### THE PROBLEM
Keep the text of the data exactly as it is and omit each picture from the copy.

### DATA SHOWN
++++++++++

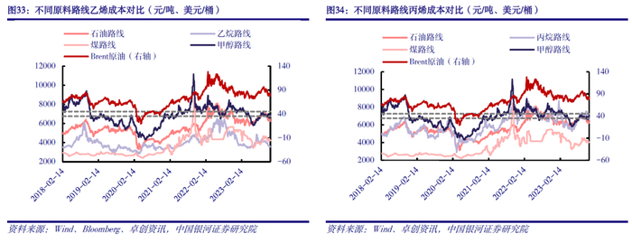 中高油价下,乙烷、煤路线成本比较优势突出。由于生产乙烯、丙烯的原料当前仍以石油为主,占比约在60%-70%,油价将是影响烯烃产业链下游产品价格走势的关键因素。从烯烃生产成本来看,各路线表现不一,乙烷路线和煤路线基本处在成本线最底端。考虑到中高油价下,乙烷路线、煤路线成本比较优势突出,叠加稳增长政策持续发力,我国经济修复进程有望加快,化工品终端需求有望改善,或提振产品盈利水平,我们看好相关企业规划项目逐步投产带来的业绩增量,推荐煤化工龙头宝丰能源(600989.SH)、轻烃加工龙头卫星化学(002648.SZ)等。
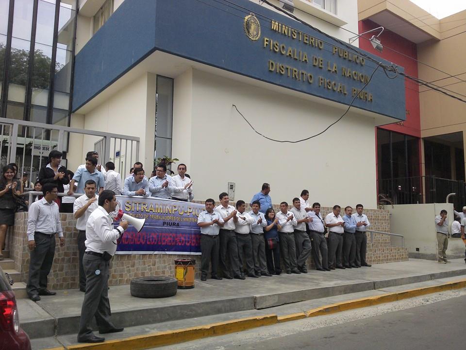 Los trabajadores y trabajadoras del sindicato del Ministerio Público de Piura acataron el paro nacional de 24 horas para exigir al Gobierno Central el aumento del presupuesto del año 2016.
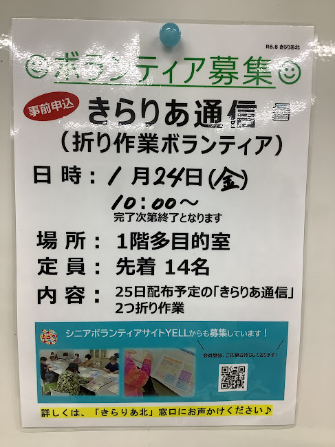 毎月25日にきらりあ北で発行している広報誌《きらりあ通信》を半分に2つ折りをする作業のお手伝いをお願いします‼
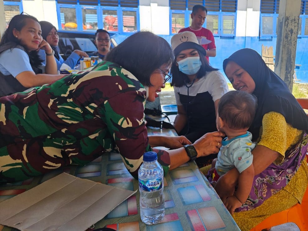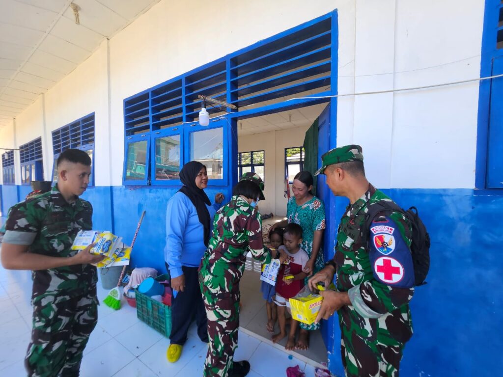Selain membuka layanan medis, tim kesehatan juga mengunjungi hunian para pengungsi untuk memantau kondisi kesehatan secara langsung. Dalam kesempatan tersebut, tim turut menyalurkan bantuan berupa pampers bagi keluarga yang memiliki balita.

++++++++++

### EXERCISE SOLUTION
 中高油价下,乙烷、煤路线成本比较优势突出。由于生产乙烯、丙烯的原料当前仍以石油为主,占比约在60%-70%,油价将是影响烯烃产业链下游产品价格走势的关键因素。从烯烃生产成本来看,各路线表现不一,乙烷路线和煤路线基本处在成本线最底端。考虑到中高油价下,乙烷路线、煤路线成本比较优势突出,叠加稳增长政策持续发力,我国经济修复进程有望加快,化工品终端需求有望改善,或提振产品盈利水平,我们看好相关企业规划项目逐步投产带来的业绩增量,推荐煤化工龙头宝丰能源(600989.SH)、轻烃加工龙头卫星化学(002648.SZ)等。
 Los trabajadores y trabajadoras del sindicato del Ministerio Público de Piura acataron el paro nacional de 24 horas para exigir al Gobierno Central el aumento del presupuesto del año 2016.
 毎月25日にきらりあ北で発行している広報誌《きらりあ通信》を半分に2つ折りをする作業のお手伝いをお願いします‼
Selain membuka layanan medis, tim kesehatan juga mengunjungi hunian para pengungsi untuk memantau kondisi kesehatan secara langsung. Dalam kesempatan tersebut, tim turut menyalurkan bantuan berupa pampers bagi keluarga yang memiliki balita.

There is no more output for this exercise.